» Task statement:
A verbatim copy of all the data is required; the pictures should not appear in it.

::: The records :::

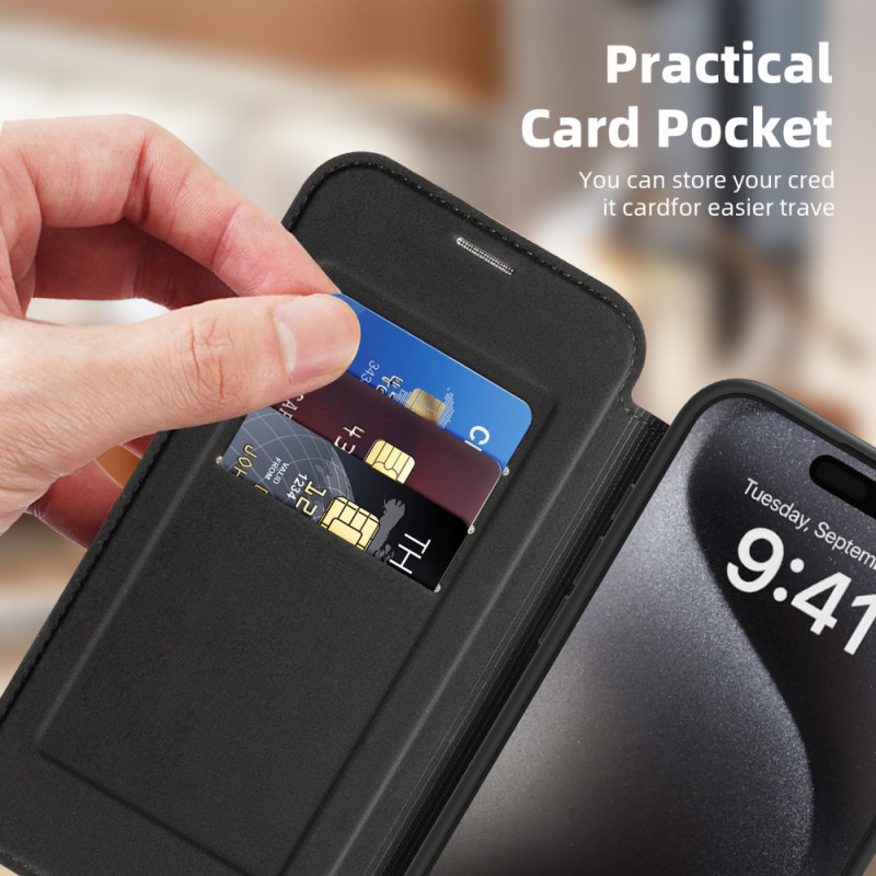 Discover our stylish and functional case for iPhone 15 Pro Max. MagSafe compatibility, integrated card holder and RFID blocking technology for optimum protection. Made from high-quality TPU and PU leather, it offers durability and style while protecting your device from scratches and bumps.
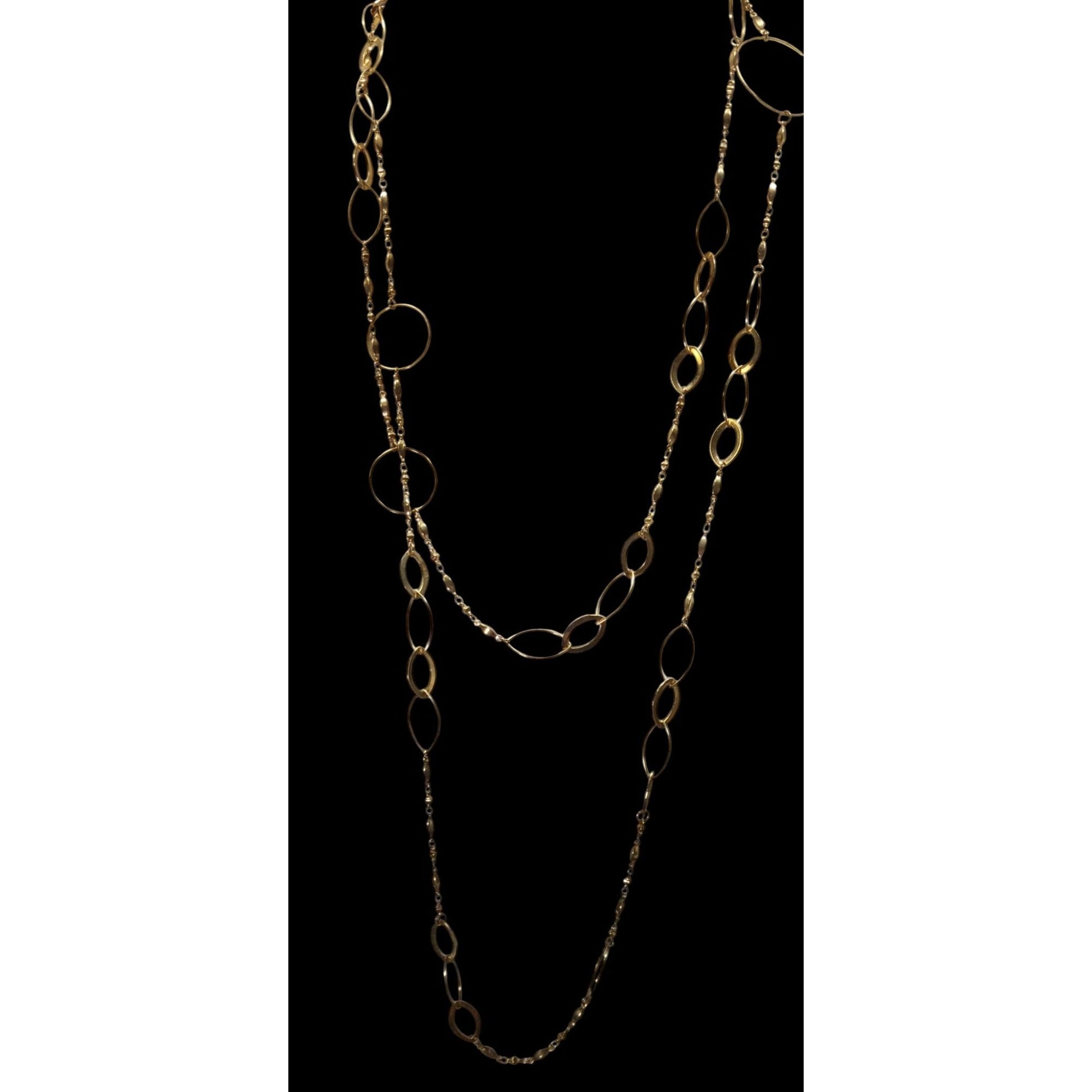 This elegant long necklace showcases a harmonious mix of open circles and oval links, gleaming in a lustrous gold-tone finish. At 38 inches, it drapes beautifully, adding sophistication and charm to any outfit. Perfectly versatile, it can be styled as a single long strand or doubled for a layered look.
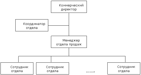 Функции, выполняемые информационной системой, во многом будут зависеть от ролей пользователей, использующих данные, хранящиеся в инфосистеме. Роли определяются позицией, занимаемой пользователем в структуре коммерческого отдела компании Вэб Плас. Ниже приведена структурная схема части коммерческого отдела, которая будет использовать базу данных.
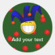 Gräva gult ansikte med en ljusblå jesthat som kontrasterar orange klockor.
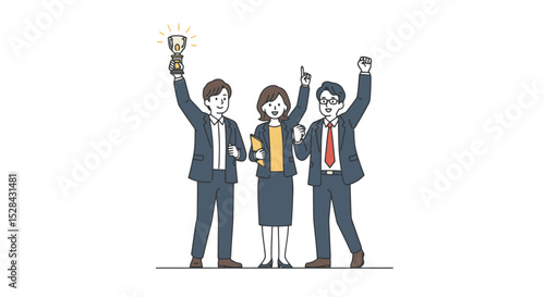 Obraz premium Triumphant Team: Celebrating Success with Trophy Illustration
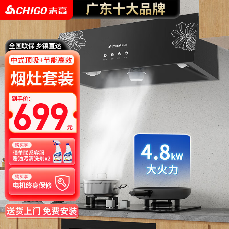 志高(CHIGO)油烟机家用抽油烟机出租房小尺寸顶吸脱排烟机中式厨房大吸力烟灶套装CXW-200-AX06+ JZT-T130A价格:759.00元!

:::

» Solution:
 Discover our stylish and functional case for iPhone 15 Pro Max. MagSafe compatibility, integrated card holder and RFID blocking technology for optimum protection. Made from high-quality TPU and PU leather, it offers durability and style while protecting your device from scratches and bumps.
 This elegant long necklace showcases a harmonious mix of open circles and oval links, gleaming in a lustrous gold-tone finish. At 38 inches, it drapes beautifully, adding sophistication and charm to any outfit. Perfectly versatile, it can be styled as a single long strand or doubled for a layered look.
 Функции, выполняемые информационной системой, во многом будут зависеть от ролей пользователей, использующих данные, хранящиеся в инфосистеме. Роли определяются позицией, занимаемой пользователем в структуре коммерческого отдела компании Вэб Плас. Ниже приведена структурная схема части коммерческого отдела, которая будет использовать базу данных.
 Gräva gult ansikte med en ljusblå jesthat som kontrasterar orange klockor.
 Obraz premium Triumphant Team: Celebrating Success with Trophy Illustration
 志高(CHIGO)油烟机家用抽油烟机出租房小尺寸顶吸脱排烟机中式厨房大吸力烟灶套装CXW-200-AX06+ JZT-T130A价格:759.00元!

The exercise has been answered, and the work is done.